I found this neat old vise at an estate sale today.There is something stamped on this in two spots , but I can't make them out.I'll have to take it out to the garage to clean it better.I only wiped it down with a paper towel and Kroil.There is a spring wound around a rivet  that  has been bent.I've never seen this style before in this small of a size.

    The jaw width is 1 9/16" , It opens up to just over 2" , 4 1/2" tall. It's stamped J.T. Ryon on the outer jaw below the screw as well as the side of the inner jaw edge. Both jaws have crosshatch pattern on them. The vise in general is in pretty good shape and kinda tight.

turnnut

never seen one like that, nice find.   I like the bottom clamp plate.

Branson

Mine has had the handle replaced, but I have one of these, too.  The jaws on mine are identical.  I wonder what's with the extended back jaw on these.

Ken W.

I think that would be to pound on something small.

scottg

You would go 7 lifetimes of yard and estate sales here on the worst coast,
before you found something like this.
I have been offered exactly 2 ordinary post vises in 40 years. Ordinary 4" post vises you can't give away back east, in 40 years.
    yours Scott
   
PHounding PHather of PHARTS
http://www.snowcrest.net/kitty/sgrandstaff/

Ken W.

#5
Your making it sound really special. 

  I just updated my first thread with more info.

oldtools

Looks like it clamps on to a round pipe? or would really dig into wood when mounted..
Aloha!  the OldTool guy
Master Monkey Wrench Scaler

Ken W.

This would really dig into the wood when mounted.

Branson

Quote from: oldtools on February 24, 2014, 04:02:59 PM
Looks like it clamps on to a round pipe? or would really dig into wood when mounted..

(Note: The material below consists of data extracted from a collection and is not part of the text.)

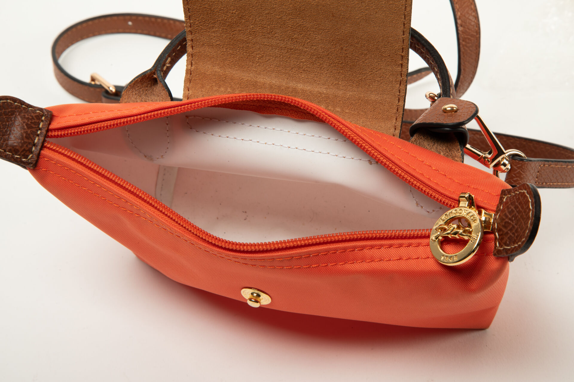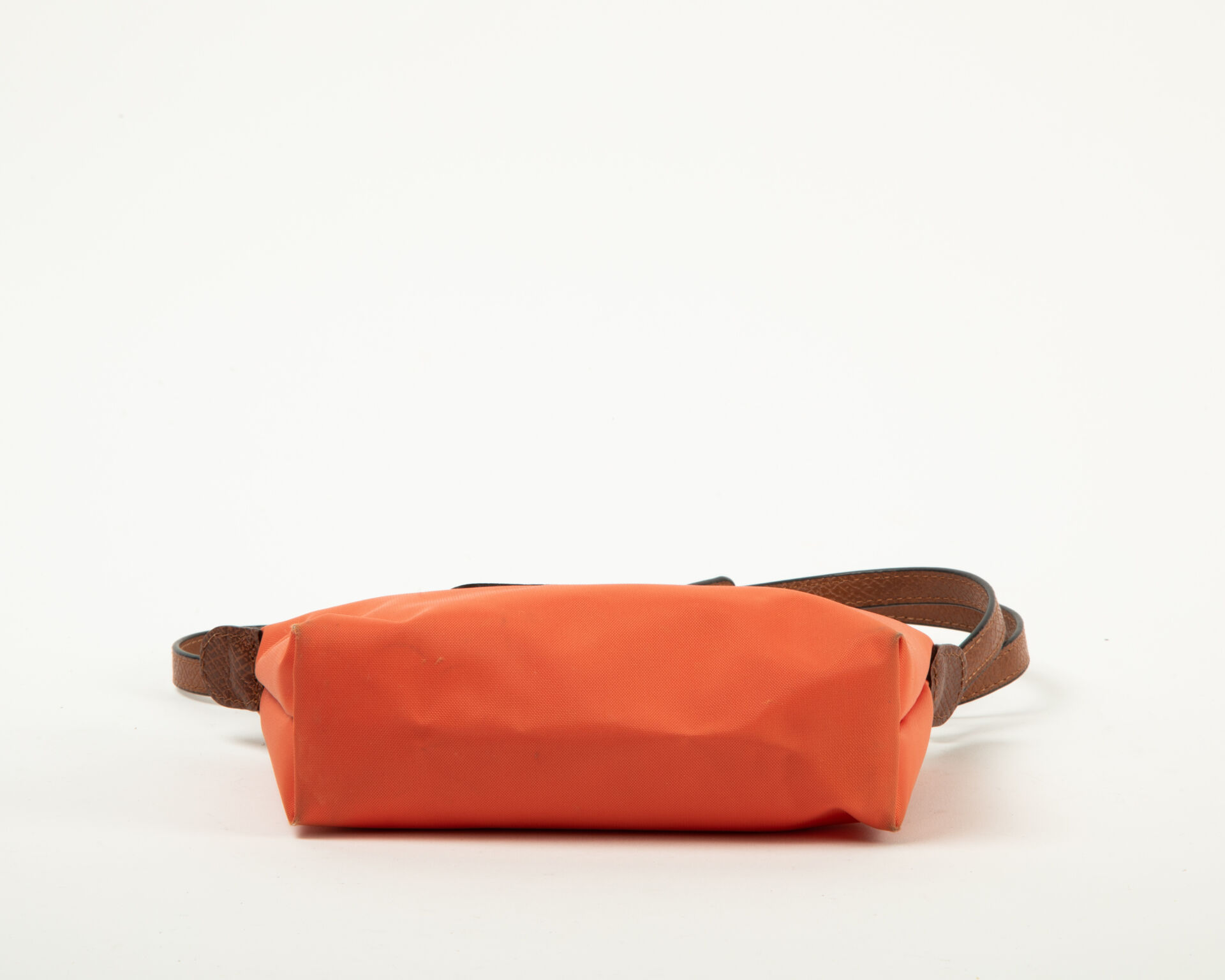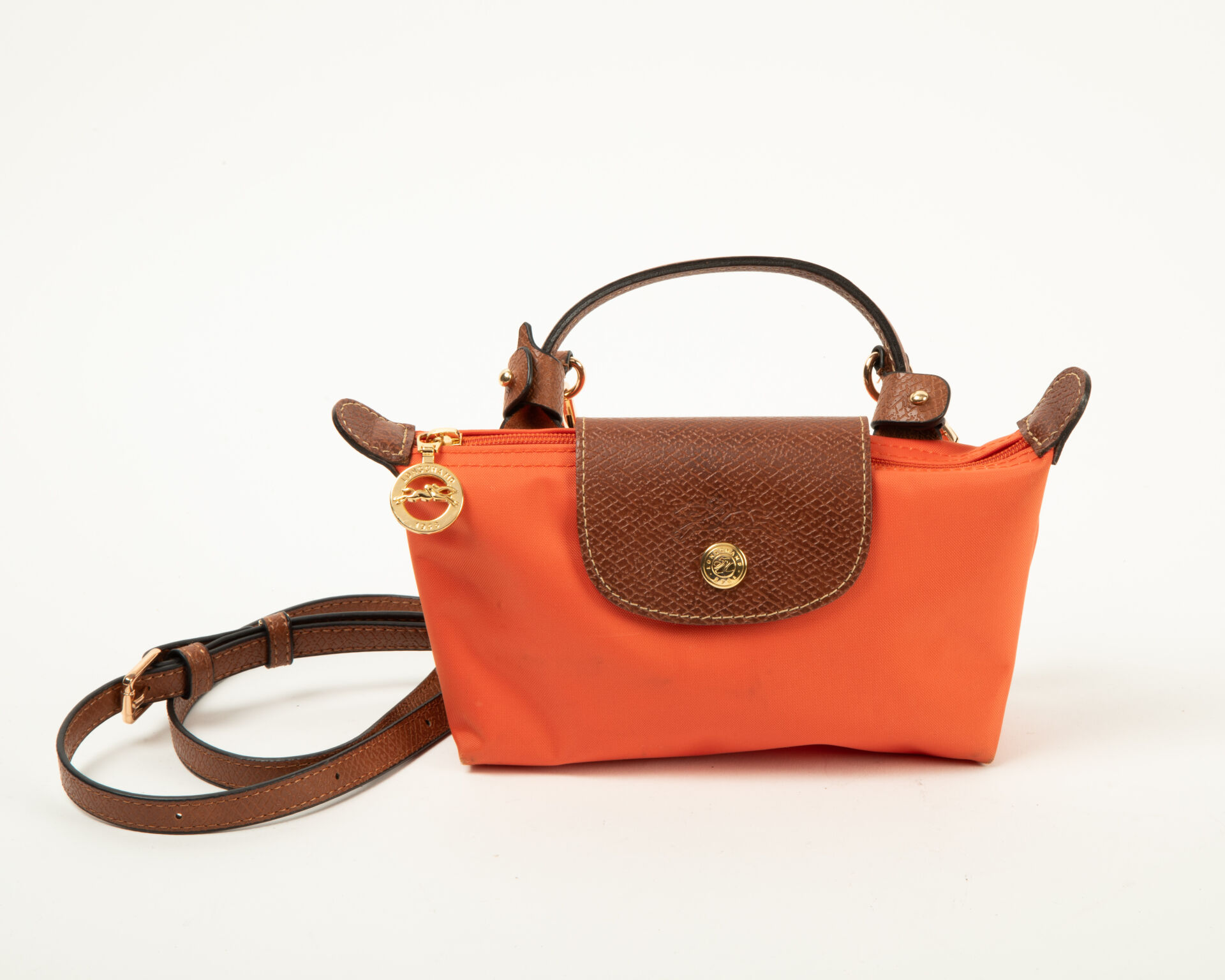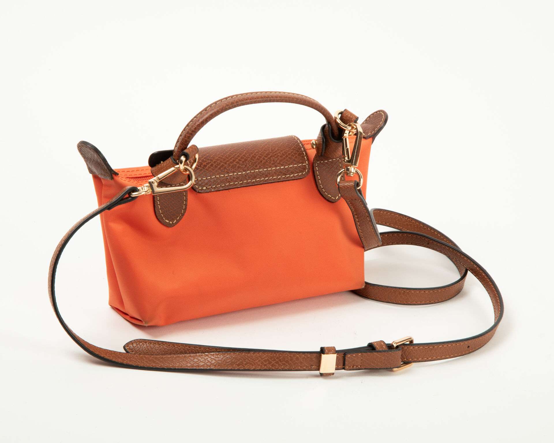 208 ESTIMATION: 30 / 50 € LONGCHAMP Le pliage mini en toile orange et cuir de vachette grainé porter bandoulière à une anse, accastillage en métal doré, intérieur blanc Tâches, angles frottés H : 11 – L : 17 – P : 5 cm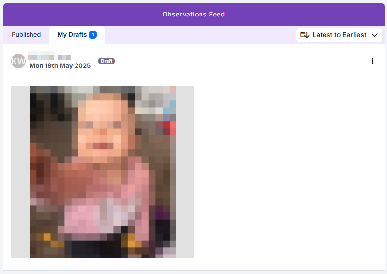 The My Drafts tab within the Observation feed is displayed. This shows all of your draft observations across all of your classes/year groups: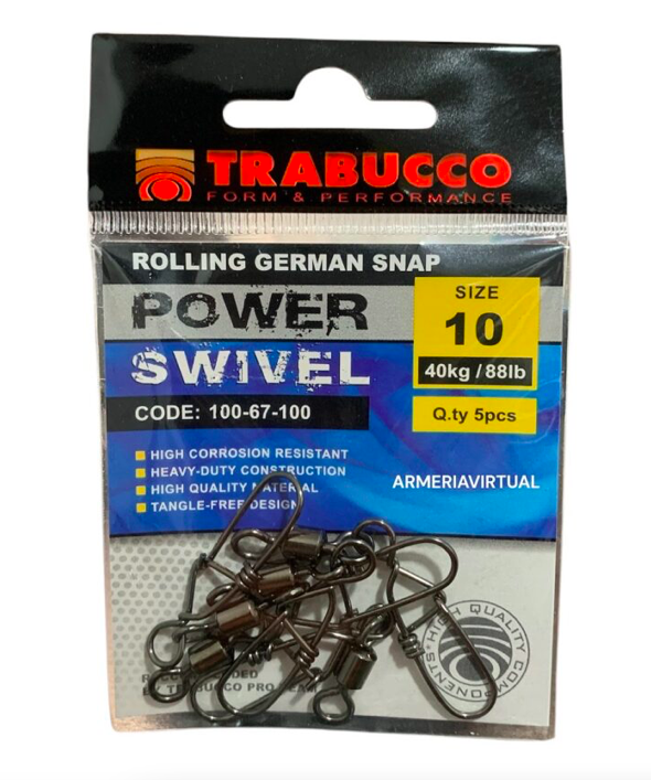Los destorcedores Trabucco Rolling Snap Nº 10 son accesorios de pesca diseñados para mejorar la utilidad y rendimiento de tus montajes terminales. Estos destorcedores combinan un giratorio tipo rolling con un snap rápido, permitiendo una rotación suave de la línea y la facilidad para cambiar señuelos o accesorios sin necesidad de desatar nudos. Su tamaño Nº 10 es ideal para montajes ligeros o medianos donde necesitas fluidez, versatilidad y rapidez de armado.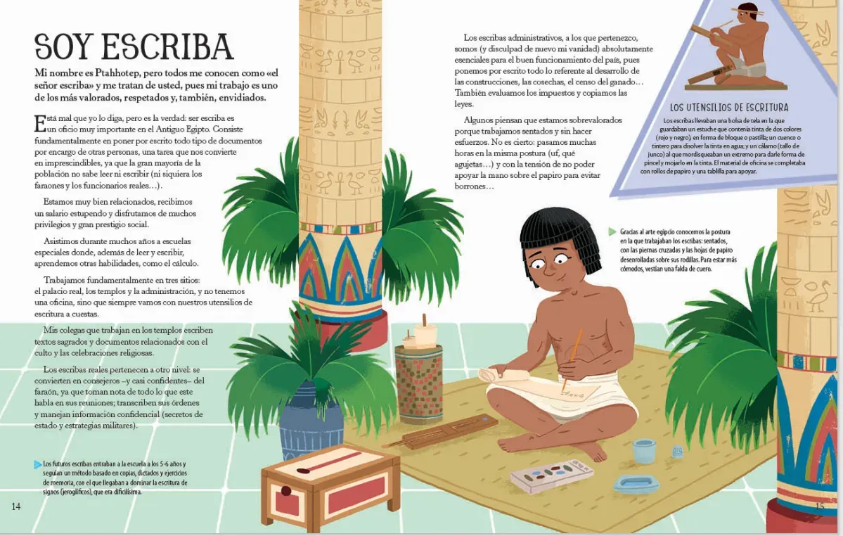 En el antiguo Egipto existieron muchos oficios y profesiones. Gracias al arte, la arqueología y los textos podemos conocer cómo era el trabajo de agricultores y ganaderos, pero también de escribas, sacerdotes, embalsamadores, soldados, artistas... todo el universo de los oficios que constituían la b...
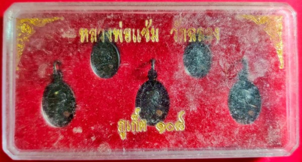 ชุดเม็ดแตงหลวงพ่อแช่ม รุ่น 108 ปี เนื้อทองแดงรมดำ ชุดกล่อง 5 องค์ สวยเดิมๆ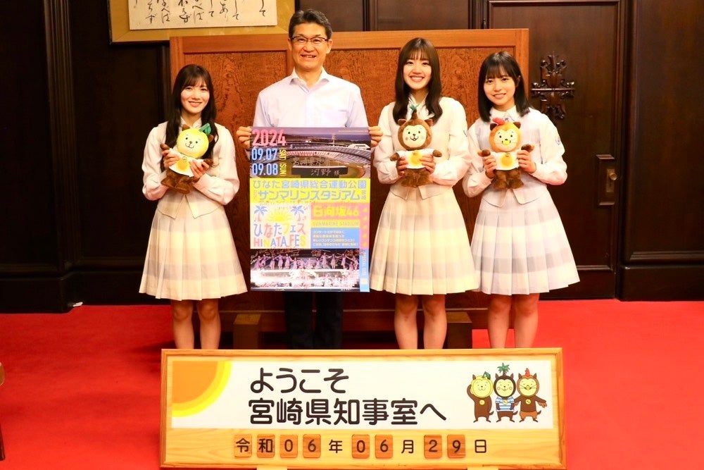 2019年に「日向坂46」に改名して以降、テレビ番組「日向坂で会いましょう」に宮崎県河野知事が出演するなど、「ひなた」のフレーズに共通点があることから、様々な接点を持たせていただくなか、今年9月には、“ひなた”サンマリンスタジアム宮崎をはじめとしたひなた宮崎県総合運動公園全体を使った「ひなたフェス2024」の開催が決定しました。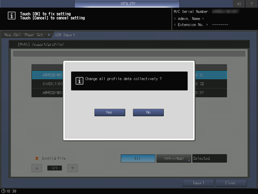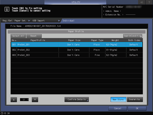 [Individual] | Selects the paper profile you want to import from the paper profiles stored on the USB flash drive, and imports it to this system. Selecting New Store allows you to import up to 500 paper profiles together with the number of data items registered to this system (the number of paper profiles that can be imported is calculated by subtracting the number of registered paper profiles from 500). Selecting Overwrite allows you to import up to 500 paper profiles. | ||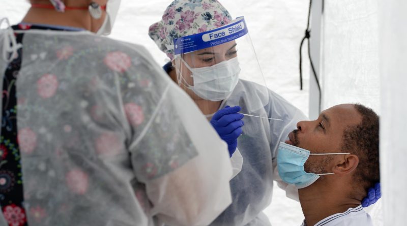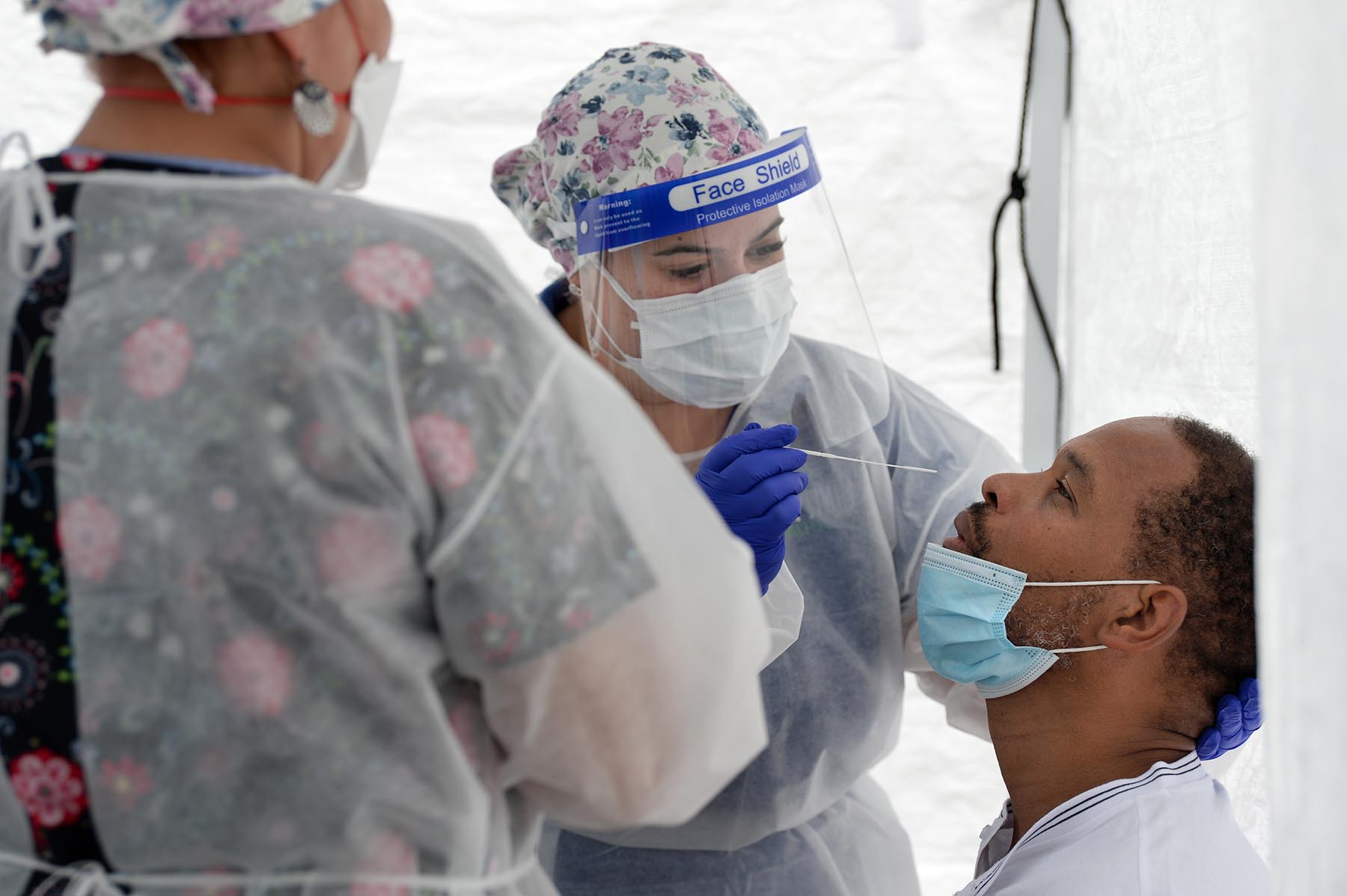 Ed Lomax, of Bridgeport, leans back for Julyssa Colon, a nurse with Optimus Health Care, to insert a nasal swab to test for COVID-19 at a mobile test site set up by Optimus Health Care in the parking lot of the Russell Temple Church in Bridgeport on June 30.The Rev. Leroy Perry Jr. rolled up his sleeve and received a dose of Pfizer’s experimental COVID-19 vaccine as part of his effort to urge parishioners and others, especially those in Waterbury’s Black community, to participate in the pharmaceutical’s final clinical trial.

It's *supposed* to really dig into the wood of a bench top to make them perfectly stable in use.  These have been made at least as early as the 1700s, and are called "table vises."  Teeth in both pieces that clamp onto the table or bench, top and bottom. 

Ken W.

How would you go about dating this vise ?

Branson

Quote from: Ken W. on February 26, 2014, 01:56:00 PM
How would you go about dating this vise ?

I'm really not sure.  I'll want to check mine more carefully to see if I find the Ryon name on mine.  The extension of the back jaw is quite unusual and argues a special use -- it seems as though it's intended to work like a brake, so perhaps an application in tin smithing.  I'll check with a friend who is
very familiar with 18th and 19th Century tin smithing for a start.  These, yours and mine,  clearly aren't hand smithed, but neither are they castings,
so I suspect strongly that they date to the mid 1800s, almost certainly not later than 1880 or so.  The Ordnance Department was issuing table vises of
the more common sort (look just like mini leg vises) by the 1840s -- mass produced with interchangeable parts.